One was just letting stuff be miserable, because sometimes stuff is miserable. Letting myself be in the stuck. Letting myself not want to be in the stuck, but still be there.
And the other was looking for ways to symbolically clear out congestion and stuckness in my life.
What I did.
I started dumping stuff. Like a woman on a mission.
Of course, thanks to Jen’s cool “give your home office a spa day” thing last week, I was already kind of on an organizing kick. But this was hard core. I took on The Pile.
Yeah, baby. The pile.
The pile that started before I left for Germany and never got taken care of. Papers, ideas, filing, everything that needed attention and wasn’t going to get it.
This pile was obviously really just a pile, and a pretty orderly one at that. But in my mind it had already taken on vast propotions. Kind of like a larger-than-life Pigpen from the Peanuts cartoons. Trailing swarms of flies and clouds of dirt in its messy, messy wake.
I transformed the bed into a lumpy pile-sorting station. And armed with a box of tissues and a large bottle of pomegranite-blueberry juice, climbed right in.
The pile took the better part of an afternoon. Slog city.
Though I’m pretty sure if I hadn’t had to stop for nose-emptying breaks, recovering-from-evil-chinese-tea breaks and emergency-calming-techniques breaks, it could have gone much faster.
Every time I dumped something I said something cheesy and fabulous like, “Whee, look at me symbolically clearing out congestion and making room for new awesomeness!”
The dumping: it is fun.
When the pile was gone I went right on dumping. It was fun. It was addictive. It was cleansing. Plus, I was so on a roll.

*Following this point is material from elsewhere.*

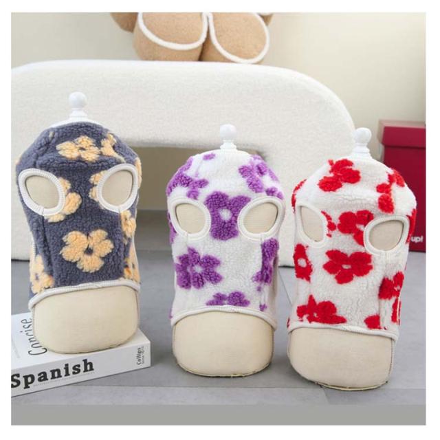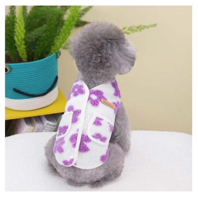 | 寒い季節にぴったりの犬服、 可愛らしいお花柄背開きベスト もこもこ暖かい素材 重ね着にも最適 | |
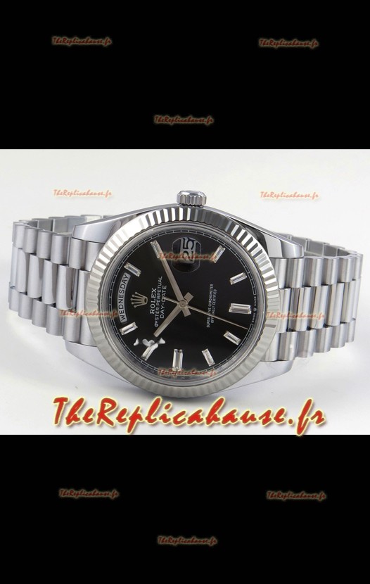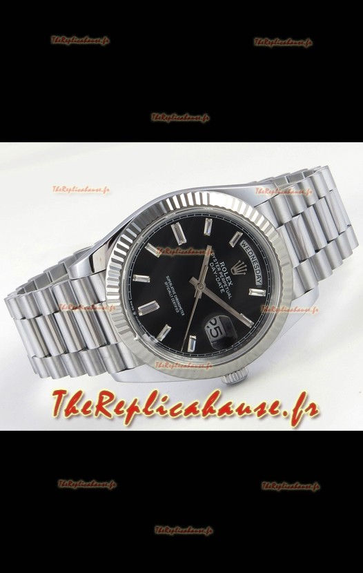 Montre Rolex Day Date Super Clone Cadran Noir 40MM 188 Grammes Réplique Suisse

I’d already broken up with my chiropractor this week, now it was time to break up with the herbalist (who is actually really, really fantastic and I adore her). Luckily I am the master of the really loving break-up, so it was okay and no hurt feelings.
Then I unfollowed about ten people on Twitter. Take that! Ha!
(I only do loving break-ups with people I’ve actually met).
Then I cleared stuff out of the refrigerator. Tossed some clothes. Recycled like crazy.
And now my nose is clear. My head is clear. My thoughts: slightly more lucid.
I’m not saying that the mad rush of de-pile-ing gets all the credit for it. I’m only saying that it was good for me to let go of a bunch of stuck horribleness.
And the take-away is …
1. Clearing stuff out is always useful, no matter what you’re trying to achieve with it.
2. If you can’t clear stuff out on one level, try another one.
I wasn’t getting anywhere with the herbs (which work on the physical level and the energetical level), but made big crazy progress with the cleaning and sorting (emotional level).
That’s it. Will update if there are further insights now that a. my brain is mostly functioning again and b. I’m almost well enough to get back to my yoga brain training epiphany wackiness.
More important: no more cooties! Snot-free internet hugs for everyone!
Good reminder to buy a Neti Pot and a box of trash bags when feeling a head cold come on —
And if you wouldn’t mind sometime, the “how to host a loving break up” might be a great post and help… (as if you don’t have a zillion post ideas on your list already!) Glad you’re feeling a bit better.
I second GirlPie’s idea. Unless you’ve already written about it, which I will find out as I keep going through your archives.